MaxViT Small TF 512
Property | Value |
---|---|
Parameter Count | 69.1M |
Input Resolution | 512x512 |
Top-1 Accuracy | 86.10% |
License | Apache 2.0 |
Paper | MaxViT: Multi-Axis Vision Transformer |
What is maxvit_small_tf_512.in1k?
MaxViT Small TF 512 is a variant of the MaxViT architecture that combines the strengths of convolutional neural networks and transformers. Originally trained in TensorFlow and ported to PyTorch, this model is optimized for 512x512 image inputs and represents an efficient balance between model size and performance.
Implementation Details
The model implements a hybrid architecture with 69.1M parameters and requires 67.26 GMACs for inference. It features a unique combination of MBConv blocks and self-attention mechanisms across multiple axes, utilizing both window and grid attention patterns.
- Achieves 86.10% top-1 accuracy on ImageNet-1K
- Processes 88.63 samples per second during inference
- Uses 383.77M activations during forward pass
- Optimized for high-resolution 512x512 input images
Core Capabilities
- Image classification with 1000 classes (ImageNet)

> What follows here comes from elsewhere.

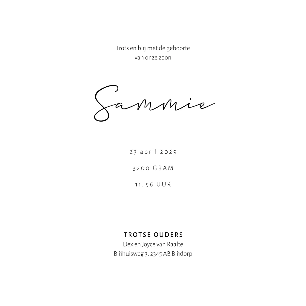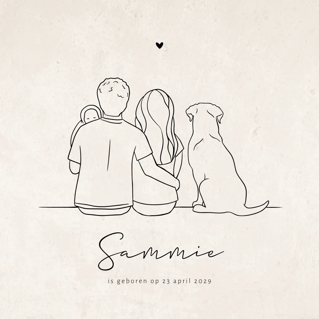Basic geboortekaartje met een lijntekening van een gezin: papa, mama, baby en een labrador hond. De achtergrond van dit kaartje Sammie is beige van kleur met een betonlook. Pas de kleuren, lettertypes en afbeelding zelf aan in onze online editor. De ronde hoeken van deze kaart geven een speels effect.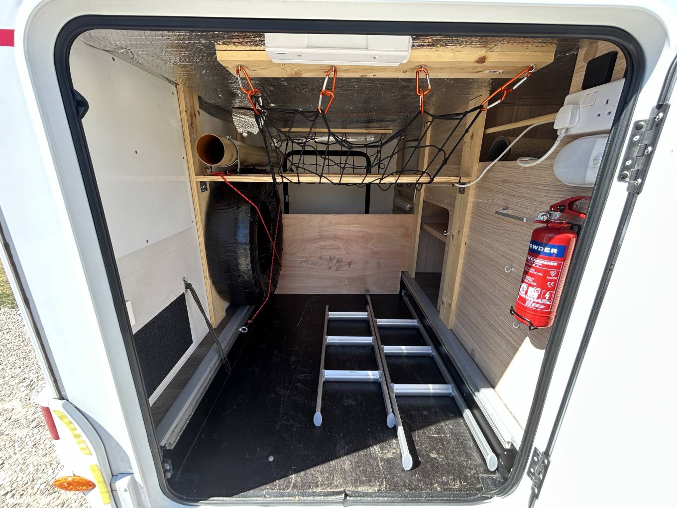 Externally, practicality continues with a large rear garage, offering substantial storage space—ideal for bikes, outdoor furniture, or adventure gear. The motorhome is also fitted with two Gaslow refillable bottles, providing a cost-effective and convenient gas solution across the UK and Europe.

- Feature extraction capabilities for downstream tasks
- Efficient handling of high-resolution images
- Balanced performance-to-parameter ratio
Frequently Asked Questions
Q: What makes this model unique?
This model uniquely combines MBConv blocks with multi-axis attention mechanisms, offering a balance between computational efficiency and accuracy. Its 512x512 resolution support makes it particularly suitable for applications requiring detailed image analysis.
Q: What are the recommended use cases?
The model is well-suited for high-resolution image classification tasks, transfer learning applications, and scenarios where a good balance between accuracy and computational efficiency is required. It's particularly effective for applications needing detailed feature extraction from larger images.